• _ASSIGNMENT_: Which lines run from the one containing "會見哈拉爾五世時,栗戰書首先" through the last line of the records? Copy them exactly, leaving pictures out.

[Excerpts from a dataset]
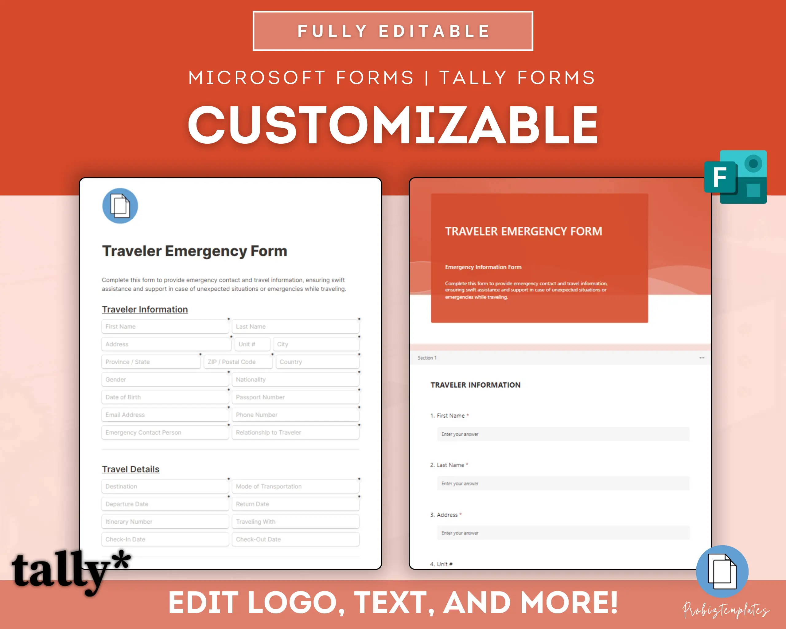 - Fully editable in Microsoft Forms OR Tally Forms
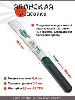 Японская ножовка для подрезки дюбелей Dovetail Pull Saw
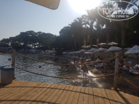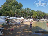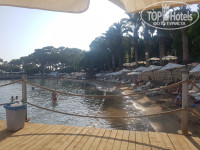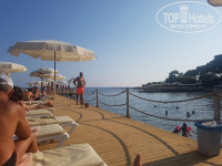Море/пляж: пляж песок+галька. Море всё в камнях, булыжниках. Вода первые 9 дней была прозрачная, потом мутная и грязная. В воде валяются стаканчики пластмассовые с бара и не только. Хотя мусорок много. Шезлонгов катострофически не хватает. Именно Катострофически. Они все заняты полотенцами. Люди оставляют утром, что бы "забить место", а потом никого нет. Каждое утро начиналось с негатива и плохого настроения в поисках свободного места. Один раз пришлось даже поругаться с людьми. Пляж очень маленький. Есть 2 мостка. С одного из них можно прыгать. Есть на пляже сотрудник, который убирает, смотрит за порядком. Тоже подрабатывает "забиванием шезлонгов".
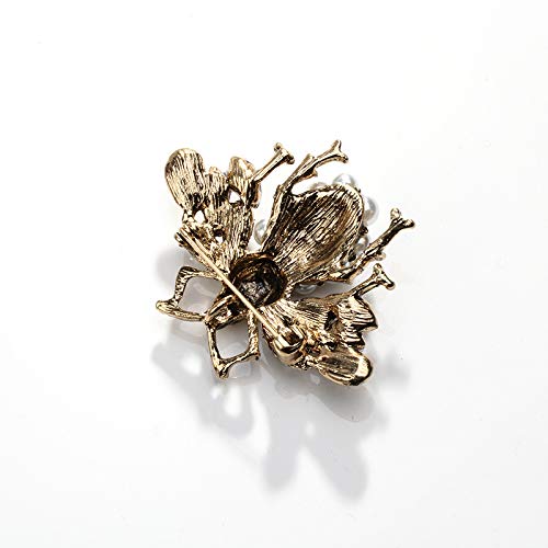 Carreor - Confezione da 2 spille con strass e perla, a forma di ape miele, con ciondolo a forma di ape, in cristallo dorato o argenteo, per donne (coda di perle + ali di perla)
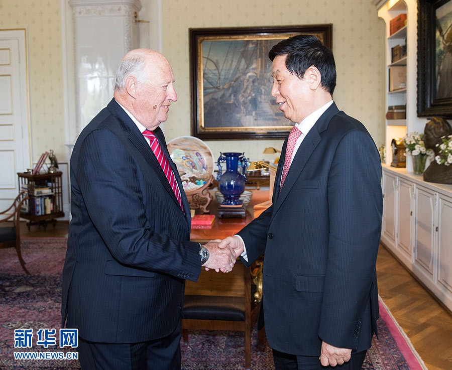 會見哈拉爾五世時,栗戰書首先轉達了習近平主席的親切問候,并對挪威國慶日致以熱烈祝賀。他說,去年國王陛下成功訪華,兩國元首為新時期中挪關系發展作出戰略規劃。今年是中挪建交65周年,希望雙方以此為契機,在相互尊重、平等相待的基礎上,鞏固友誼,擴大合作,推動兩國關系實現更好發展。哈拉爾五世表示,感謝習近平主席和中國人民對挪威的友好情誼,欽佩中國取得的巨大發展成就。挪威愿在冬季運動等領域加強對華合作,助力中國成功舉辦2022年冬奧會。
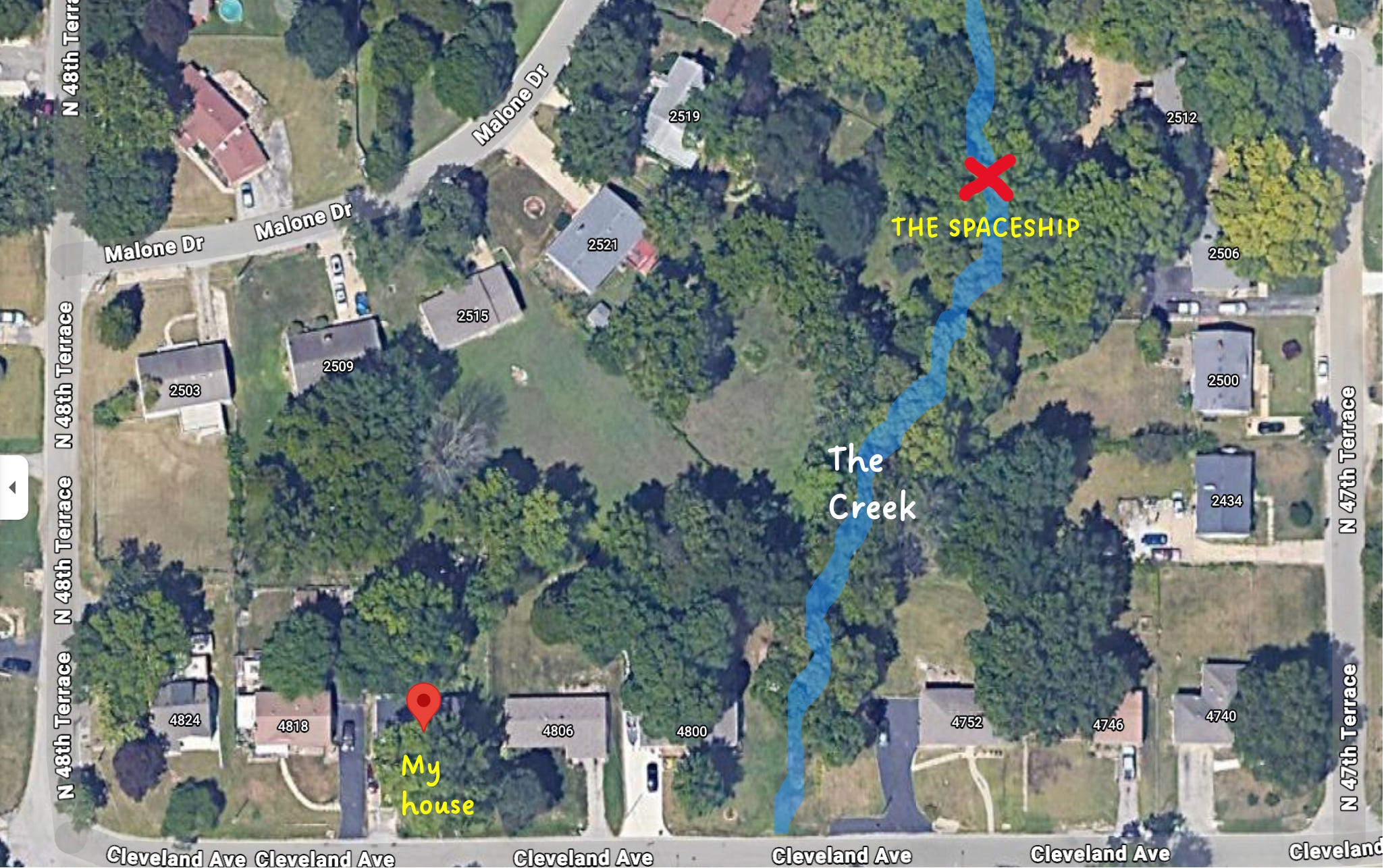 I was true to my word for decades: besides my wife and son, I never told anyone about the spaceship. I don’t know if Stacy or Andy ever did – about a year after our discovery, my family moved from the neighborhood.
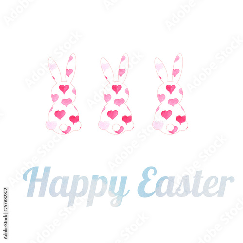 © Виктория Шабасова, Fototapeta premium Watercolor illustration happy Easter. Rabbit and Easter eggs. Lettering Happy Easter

• _OUTPUT_:
 會見哈拉爾五世時,栗戰書首先轉達了習近平主席的親切問候,并對挪威國慶日致以熱烈祝賀。他說,去年國王陛下成功訪華,兩國元首為新時期中挪關系發展作出戰略規劃。今年是中挪建交65周年,希望雙方以此為契機,在相互尊重、平等相待的基礎上,鞏固友誼,擴大合作,推動兩國關系實現更好發展。哈拉爾五世表示,感謝習近平主席和中國人民對挪威的友好情誼,欽佩中國取得的巨大發展成就。挪威愿在冬季運動等領域加強對華合作,助力中國成功舉辦2022年冬奧會。
 I was true to my word for decades: besides my wife and son, I never told anyone about the spaceship. I don’t know if Stacy or Andy ever did – about a year after our discovery, my family moved from the neighborhood.
 © Виктория Шабасова, Fototapeta premium Watercolor illustration happy Easter. Rabbit and Easter eggs. Lettering Happy Easter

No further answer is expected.